== Segment start ==

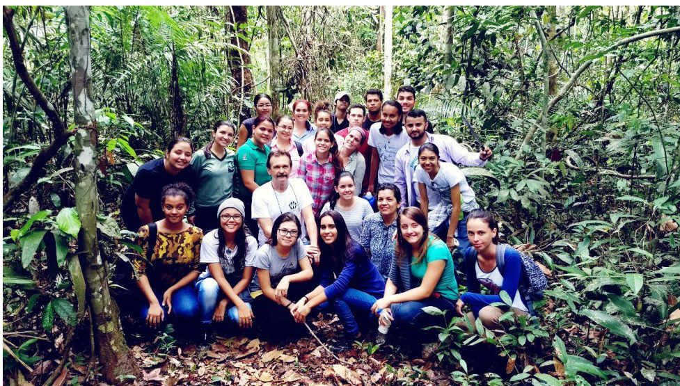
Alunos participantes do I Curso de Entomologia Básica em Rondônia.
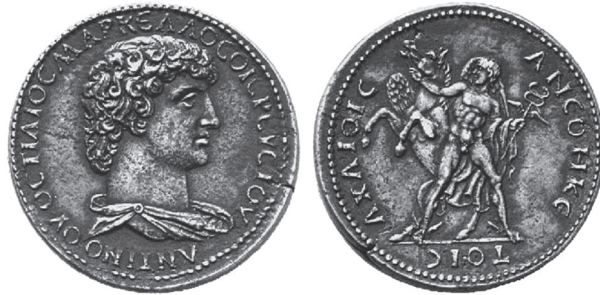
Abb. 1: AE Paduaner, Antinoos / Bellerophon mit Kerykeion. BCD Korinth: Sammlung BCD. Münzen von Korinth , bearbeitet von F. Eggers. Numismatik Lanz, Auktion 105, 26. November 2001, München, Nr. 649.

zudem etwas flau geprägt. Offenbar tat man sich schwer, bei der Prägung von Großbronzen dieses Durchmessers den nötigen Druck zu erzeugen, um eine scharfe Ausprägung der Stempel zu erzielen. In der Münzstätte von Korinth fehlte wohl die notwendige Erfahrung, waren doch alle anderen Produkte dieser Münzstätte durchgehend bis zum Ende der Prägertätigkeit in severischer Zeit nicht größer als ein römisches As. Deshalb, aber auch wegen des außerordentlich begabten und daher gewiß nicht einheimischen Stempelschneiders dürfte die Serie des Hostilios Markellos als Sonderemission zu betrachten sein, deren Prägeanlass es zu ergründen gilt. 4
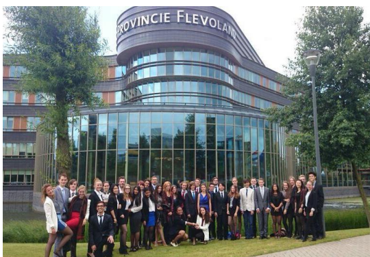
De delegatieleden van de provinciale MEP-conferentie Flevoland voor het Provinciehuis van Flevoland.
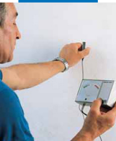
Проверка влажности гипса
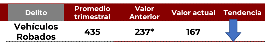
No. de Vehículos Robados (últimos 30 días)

== Segment end ==
== Segment start ==

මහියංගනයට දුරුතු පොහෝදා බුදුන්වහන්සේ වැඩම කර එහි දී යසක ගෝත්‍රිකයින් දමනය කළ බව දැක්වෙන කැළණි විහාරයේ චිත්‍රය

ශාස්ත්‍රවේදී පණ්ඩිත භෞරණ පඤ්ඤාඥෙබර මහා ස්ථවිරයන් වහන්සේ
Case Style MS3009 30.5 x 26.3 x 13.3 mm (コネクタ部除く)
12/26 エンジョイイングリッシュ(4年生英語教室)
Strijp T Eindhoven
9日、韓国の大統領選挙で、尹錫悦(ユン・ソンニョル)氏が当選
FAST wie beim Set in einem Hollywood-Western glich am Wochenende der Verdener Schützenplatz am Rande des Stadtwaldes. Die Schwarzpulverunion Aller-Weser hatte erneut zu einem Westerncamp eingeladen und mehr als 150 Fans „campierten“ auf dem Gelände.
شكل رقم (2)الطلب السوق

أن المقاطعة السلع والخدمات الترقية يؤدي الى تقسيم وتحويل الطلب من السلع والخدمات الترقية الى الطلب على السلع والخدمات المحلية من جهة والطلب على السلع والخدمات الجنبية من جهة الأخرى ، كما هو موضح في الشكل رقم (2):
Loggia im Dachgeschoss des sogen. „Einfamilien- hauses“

== Segment end ==

**Exercise instructions**
Report how many lines in these entries contain "الطلب". Answer with the number only.

**Answer area**
2